Anonymous Coward | more than 5 years ago | (#26494181)

Because
1) Its cheaper, and going wrong risks are lower too.
2) No patent IP or lawyer bullshit
3) No safety bullshit *Toxic Toys" dodgy electrics
4) Bush sold you lot out
5) USA Manufacturing skills have been lost
6) USA Auto is in the crosshairs

The real answer also belongs to marketeering -
How much for 500,000 processors..(Simple question)
Salesman: Where are you calling from?

Basically cost is figured out on what they think you can afford, based of geographic territories.

Cases like these will ensure nothing 'new' containing 'new' features will not be made in USA.

Re:You should be cheering this. Really. (1)

Ztream (584474) | more than 5 years ago | (#26495149)

Talk about selective memory. Did you miss the global financial crisis? Everybody elses economy is in the crapper too. Including China.

I think I speak for quite a few when I say (1)

binaryseraph (955557) | more than 5 years ago | (#26493233)

"Wankers."

Quickest solution (3, Interesting)

yabba-dabba-do (948536) | more than 5 years ago | (#26494217)
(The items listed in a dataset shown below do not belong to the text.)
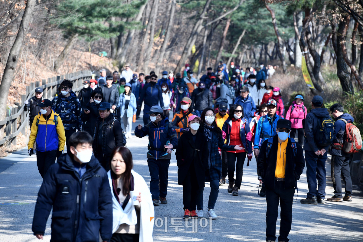 서울 낮 최고기온이 17도를 기록하는 등 전국이 올들어 가장 포근한 날씨를 보인 8일 서울 관악산 등산로가 시민들로 붐비고 있다.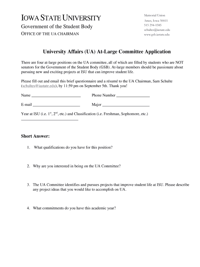 Get the free University Affairs UA At-Large Committee Application - gsb iastate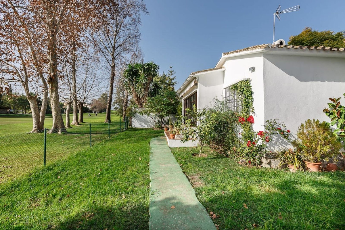 Encantadora villa en primera línea de golf en venta en Gaudalmina alta. Ideal rpoyecto de reforma o simplemente mudarse y disfrutar de las tranquilas vistas de Guadalmina Golf. Distribuida en una sola planta la propiedad tiene 3 dormitorios y 2 baños y un salón/comedor y cocina equipada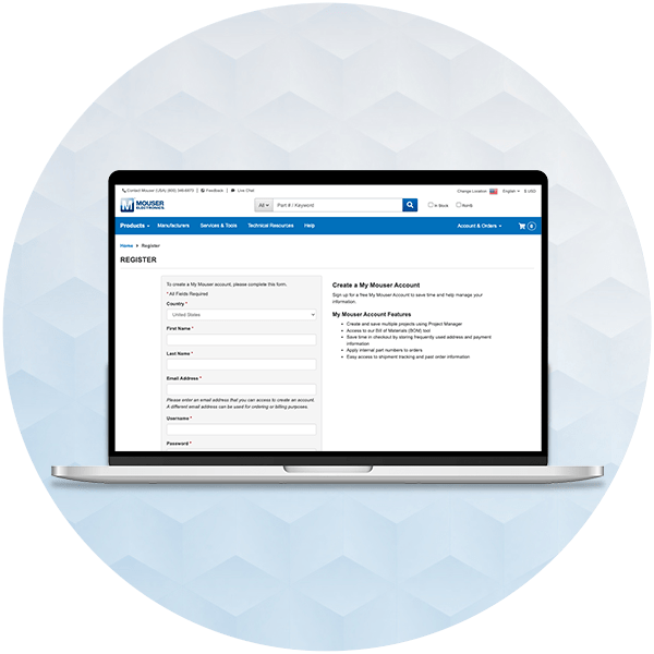 Hantera ditt MyMouser-konto – direkt på datorn. Importera artikellistor, skapa materialförteckningar, håll koll på beställningar, skriv ut fakturor och kom åt API-lösningar.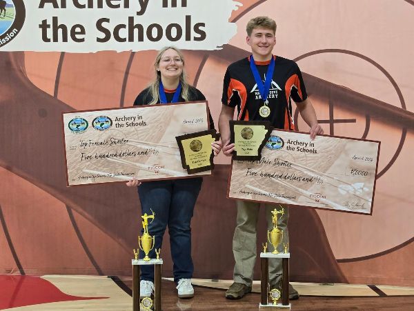 Magnet Coveβs Holly Chandler and Cash Hignight show off their $500 Arkansas Game and Fish Foundation scholarship checks. Both archers took home individual first-place honors in the High School Girls and Boys divisions, respectively.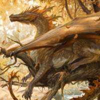 large wings, scales, and a prominent spine running down its back. It's sitting among what appears to be autumn foliage, with trees adorned with leaves that have turned colors typical of fall season, such as yellows and browns, interspersed with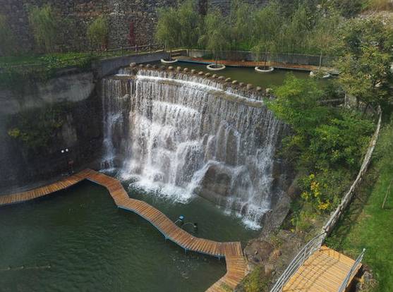 瀑布四面及水底都用石块堆砌而成
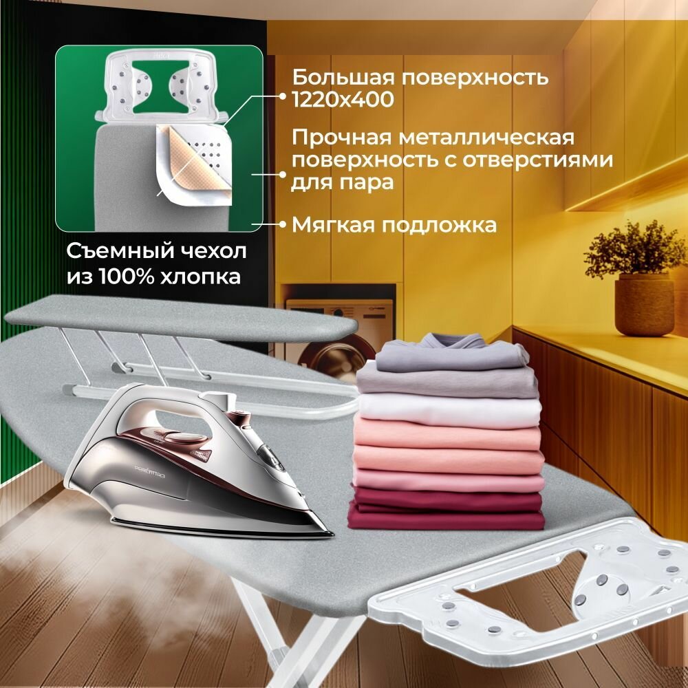 Купить Гладильная доска напольная, с розеткой, с подставкой под утюг, серебристый цвет, Ника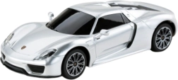 Den sølvfarvede model Porsche 918 Spyder efterligner nøjagtigt det luksuriøse udseende af den ægte bil, inklusive det sportslige design og detaljerede funktioner.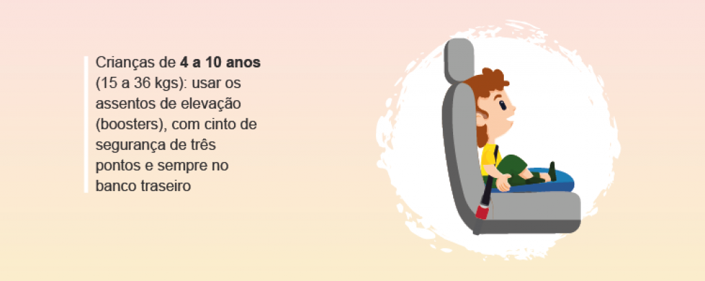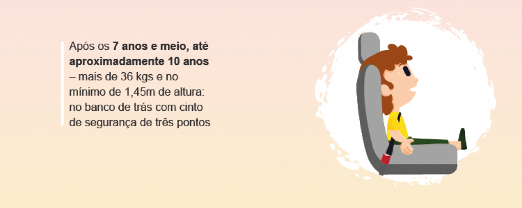 Somente após 10 anos as crianças podem se sentar no banco dianteiro usando o cinto de segurança. A não obediência ao dispositivo legal é considerada infração gravíssima e prevê multa de R$ 293,47, a perda de sete pontos na Carteira Nacional de Habilitação (CNH) e retenção do veículo até que a irregularidade seja sanada.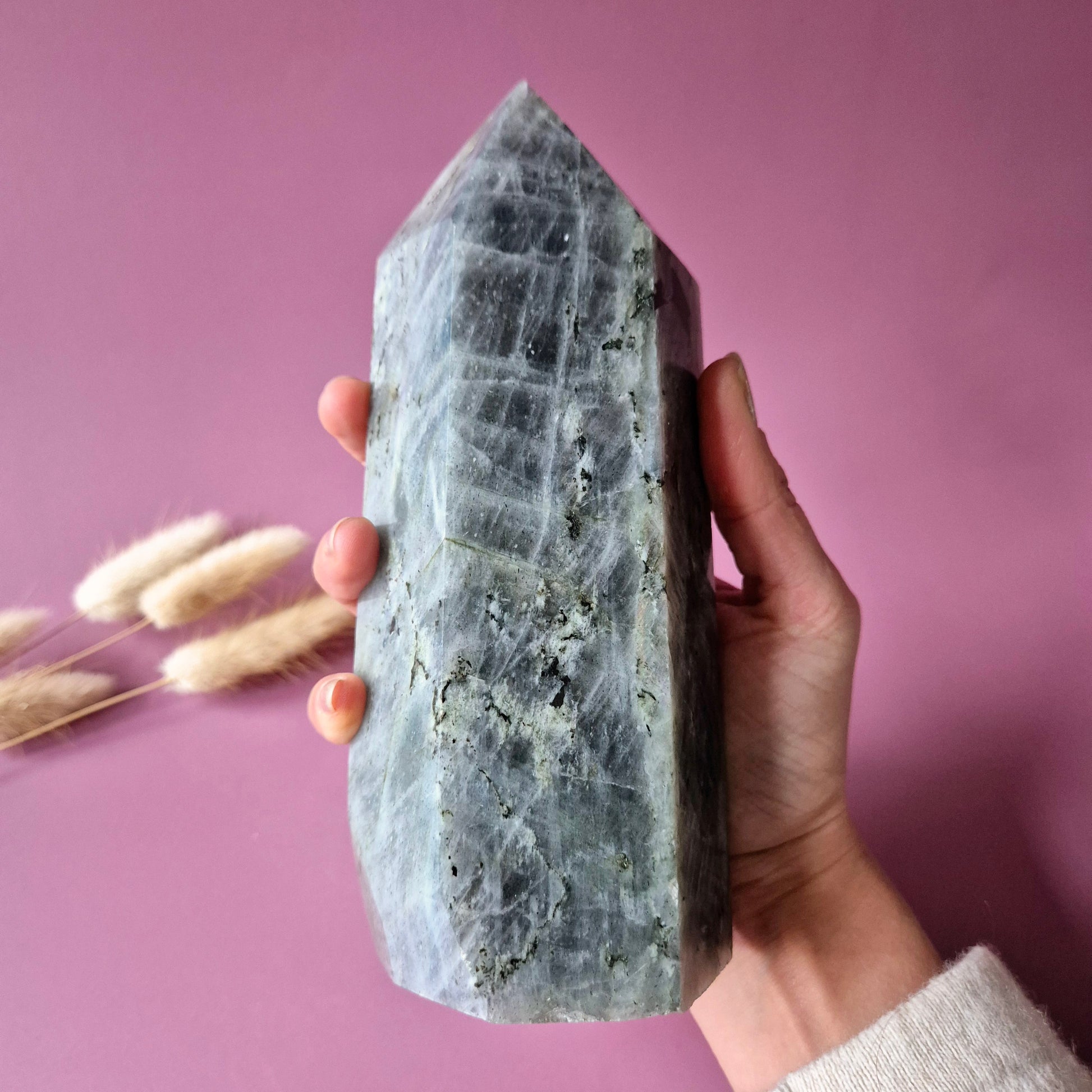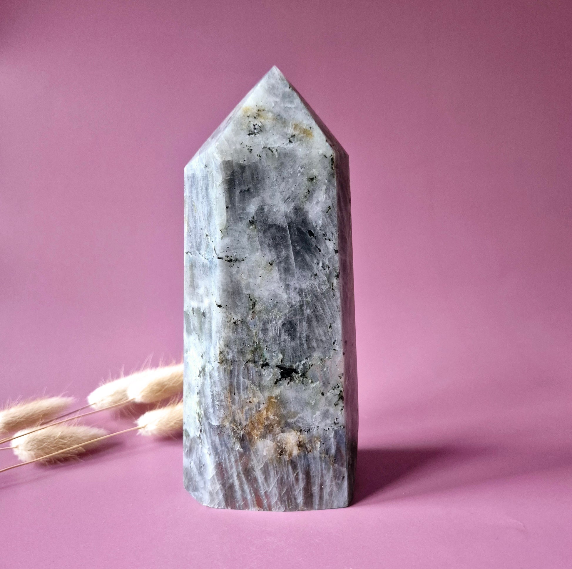 Bringen Sie Magie in Ihr Leben mit einem auffälligen Labradoritturm, der sowohl eine visuelle als auch eine energetische Wirkung hat!

Is for RIM to disable Obama's phone. "Sorry, when the patent mess is cleaned up, we'll turn it back on."

Buying stuff is the new innovation (1)

naich (781425) | more than 5 years ago | (#26494675)

"Saxon Innovations... purchased about 180 US patents formerly owned by Advanced Micro Devices or Legerity in 2007"

Not a massive amount of innovation going on there really, is there?

prior art (1)

r00t (33219) | more than 5 years ago | (#26494939)

Mercury Computer Systems, Inc.

late 1990's, maybe early 1990's, maybe ongoing

Each CPU had mailboxes in the north bridge chip.

Re:prior art (3, Insightful)

OolimPhon (1120895) | more than 5 years ago | (#26495807)

I can do much better than that. Honeywell Level 66 mainframes had mailboxes in their CPUs to talk to the I/O processors. This dates back to at least 1975, when I first encountered them. Probably true for Multics mainframes from the '60s too.

USA is doomed (0)

Anonymous Coward | more than 5 years ago | (#26495719)

All this crap and then Olmert telling Bush what to do. The tail really does wag the dog.

When will it end.... (2, Insightful)

Llian (615902) | more than 5 years ago | (#26495793)

I wonder what else the US citizenry will allow to screw them over. I mean in economic times like these STILL allowing the big boys to LESSEN competition? WTG!!